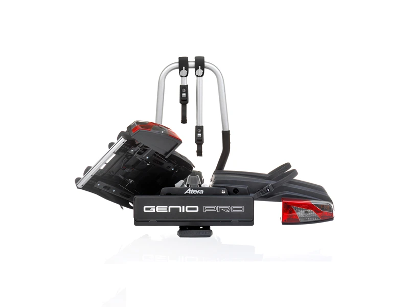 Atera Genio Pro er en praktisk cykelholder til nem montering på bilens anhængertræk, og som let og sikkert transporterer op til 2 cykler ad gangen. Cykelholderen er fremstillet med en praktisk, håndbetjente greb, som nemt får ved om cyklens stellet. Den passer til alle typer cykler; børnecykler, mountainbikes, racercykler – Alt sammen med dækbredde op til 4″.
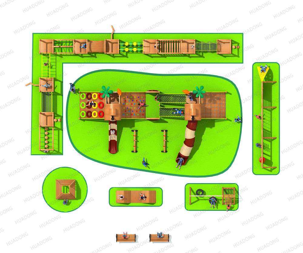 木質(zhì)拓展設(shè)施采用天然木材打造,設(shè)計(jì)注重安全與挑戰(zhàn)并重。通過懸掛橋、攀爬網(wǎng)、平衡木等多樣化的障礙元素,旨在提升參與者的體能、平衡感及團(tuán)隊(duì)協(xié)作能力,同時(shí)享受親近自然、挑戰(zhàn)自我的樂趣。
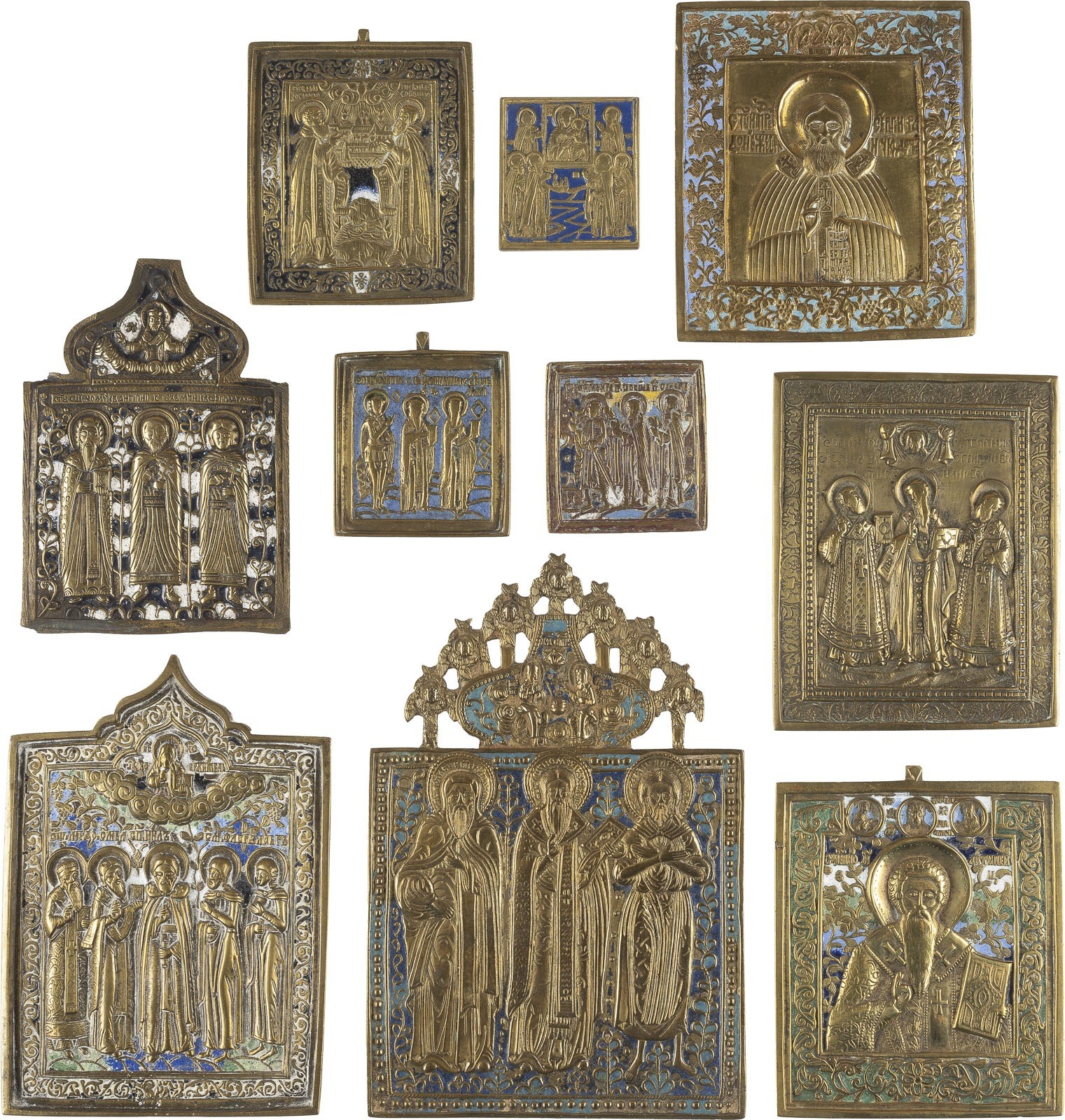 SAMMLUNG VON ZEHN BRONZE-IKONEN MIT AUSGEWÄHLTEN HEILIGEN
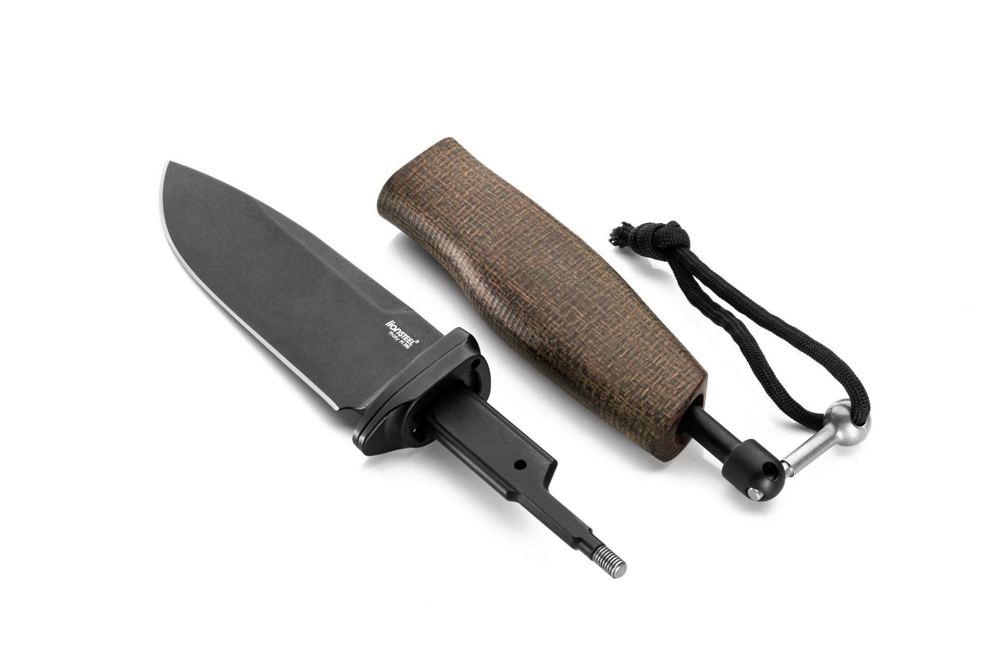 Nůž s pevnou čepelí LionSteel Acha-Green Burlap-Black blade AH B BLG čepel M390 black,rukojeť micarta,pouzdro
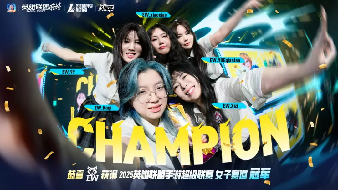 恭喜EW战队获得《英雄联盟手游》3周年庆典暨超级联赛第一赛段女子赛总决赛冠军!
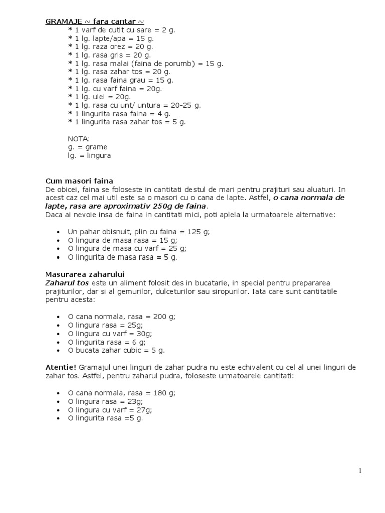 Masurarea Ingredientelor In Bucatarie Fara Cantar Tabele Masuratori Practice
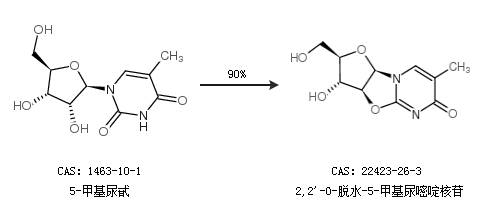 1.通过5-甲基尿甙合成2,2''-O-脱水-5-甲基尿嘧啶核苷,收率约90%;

---

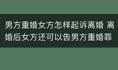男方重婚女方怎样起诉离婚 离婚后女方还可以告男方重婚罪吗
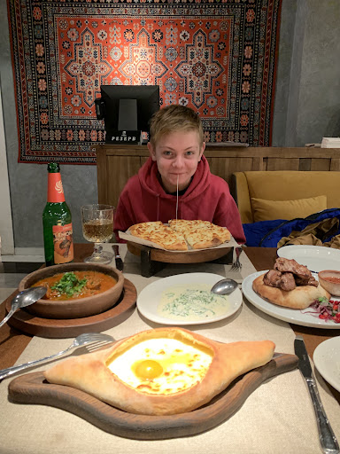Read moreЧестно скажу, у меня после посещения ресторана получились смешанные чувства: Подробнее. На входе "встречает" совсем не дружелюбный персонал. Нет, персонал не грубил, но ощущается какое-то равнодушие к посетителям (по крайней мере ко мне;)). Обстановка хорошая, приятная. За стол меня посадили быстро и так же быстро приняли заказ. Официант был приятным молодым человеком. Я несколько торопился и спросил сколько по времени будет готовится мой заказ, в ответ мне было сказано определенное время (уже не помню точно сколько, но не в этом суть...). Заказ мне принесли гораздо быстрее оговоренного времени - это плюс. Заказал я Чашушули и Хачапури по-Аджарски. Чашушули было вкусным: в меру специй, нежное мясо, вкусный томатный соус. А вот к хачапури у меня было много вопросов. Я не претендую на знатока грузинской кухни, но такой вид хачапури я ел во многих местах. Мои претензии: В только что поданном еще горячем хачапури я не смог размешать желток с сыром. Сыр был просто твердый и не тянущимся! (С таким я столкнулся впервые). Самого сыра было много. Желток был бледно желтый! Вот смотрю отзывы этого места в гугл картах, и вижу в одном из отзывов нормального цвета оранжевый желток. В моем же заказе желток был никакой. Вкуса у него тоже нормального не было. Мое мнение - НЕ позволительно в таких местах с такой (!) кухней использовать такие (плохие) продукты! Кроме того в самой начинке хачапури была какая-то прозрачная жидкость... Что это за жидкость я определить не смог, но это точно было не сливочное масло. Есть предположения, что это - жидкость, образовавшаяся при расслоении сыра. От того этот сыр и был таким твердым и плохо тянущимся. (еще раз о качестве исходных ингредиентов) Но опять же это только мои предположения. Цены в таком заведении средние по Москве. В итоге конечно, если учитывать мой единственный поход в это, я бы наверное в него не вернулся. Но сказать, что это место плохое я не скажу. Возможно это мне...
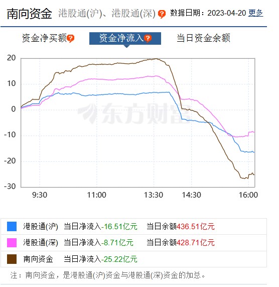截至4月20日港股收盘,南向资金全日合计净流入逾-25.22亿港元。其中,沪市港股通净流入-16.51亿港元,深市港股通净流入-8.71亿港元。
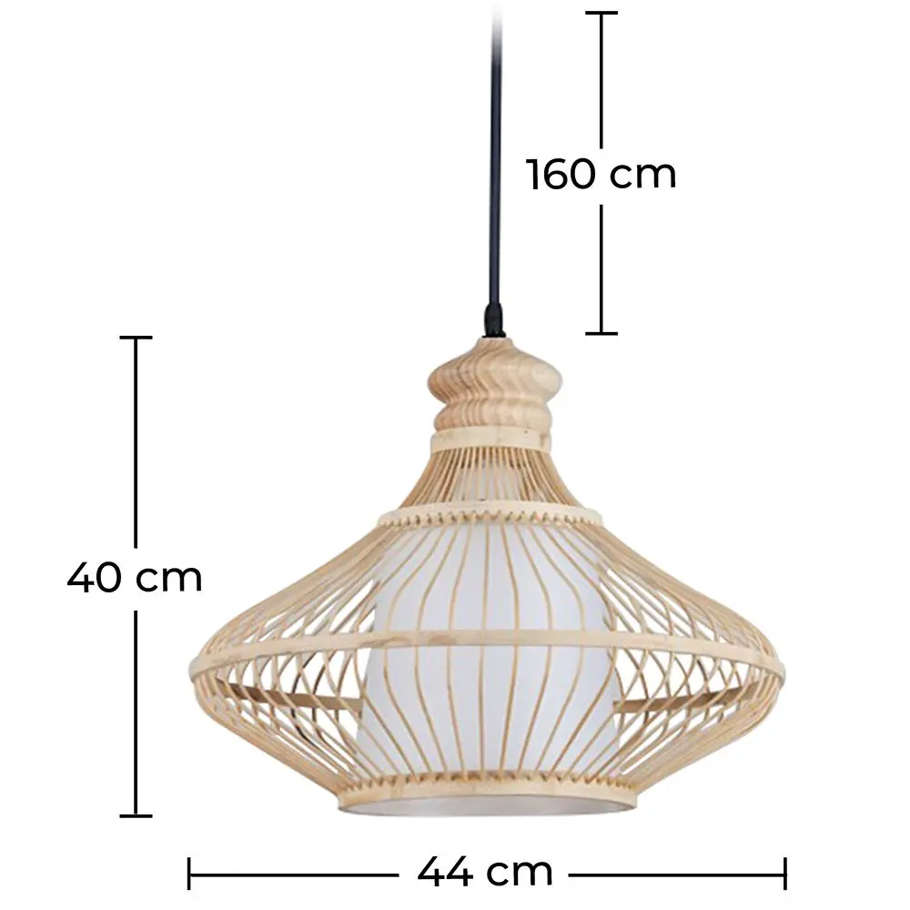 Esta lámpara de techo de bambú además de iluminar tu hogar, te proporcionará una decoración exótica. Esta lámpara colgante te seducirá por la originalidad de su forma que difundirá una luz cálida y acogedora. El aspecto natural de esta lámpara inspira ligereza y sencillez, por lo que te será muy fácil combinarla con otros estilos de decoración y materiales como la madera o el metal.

▶ **TASK DETAILS**
Though the entries above contain pictures, none should be copied; reproduce only the lines between the one holding "Atera Genio Pro" and the one holding "1.通过5-甲基尿甙合成2,2''-O-脱水-5-甲基尿", inclusive, exactly as written.

▶ **SOLUTION TO THIS PROBLEM**
 Atera Genio Pro er en praktisk cykelholder til nem montering på bilens anhængertræk, og som let og sikkert transporterer op til 2 cykler ad gangen. Cykelholderen er fremstillet med en praktisk, håndbetjente greb, som nemt får ved om cyklens stellet. Den passer til alle typer cykler; børnecykler, mountainbikes, racercykler – Alt sammen med dækbredde op til 4″.
 木質(zhì)拓展設(shè)施采用天然木材打造,設(shè)計(jì)注重安全與挑戰(zhàn)并重。通過懸掛橋、攀爬網(wǎng)、平衡木等多樣化的障礙元素,旨在提升參與者的體能、平衡感及團(tuán)隊(duì)協(xié)作能力,同時(shí)享受親近自然、挑戰(zhàn)自我的樂趣。
 SAMMLUNG VON ZEHN BRONZE-IKONEN MIT AUSGEWÄHLTEN HEILIGEN
 Nůž s pevnou čepelí LionSteel Acha-Green Burlap-Black blade AH B BLG čepel M390 black,rukojeť micarta,pouzdro
 恭喜EW战队获得《英雄联盟手游》3周年庆典暨超级联赛第一赛段女子赛总决赛冠军!
 Masurarea Ingredientelor In Bucatarie Fara Cantar Tabele Masuratori Practice
 1.通过5-甲基尿甙合成2,2''-O-脱水-5-甲基尿嘧啶核苷,收率约90%;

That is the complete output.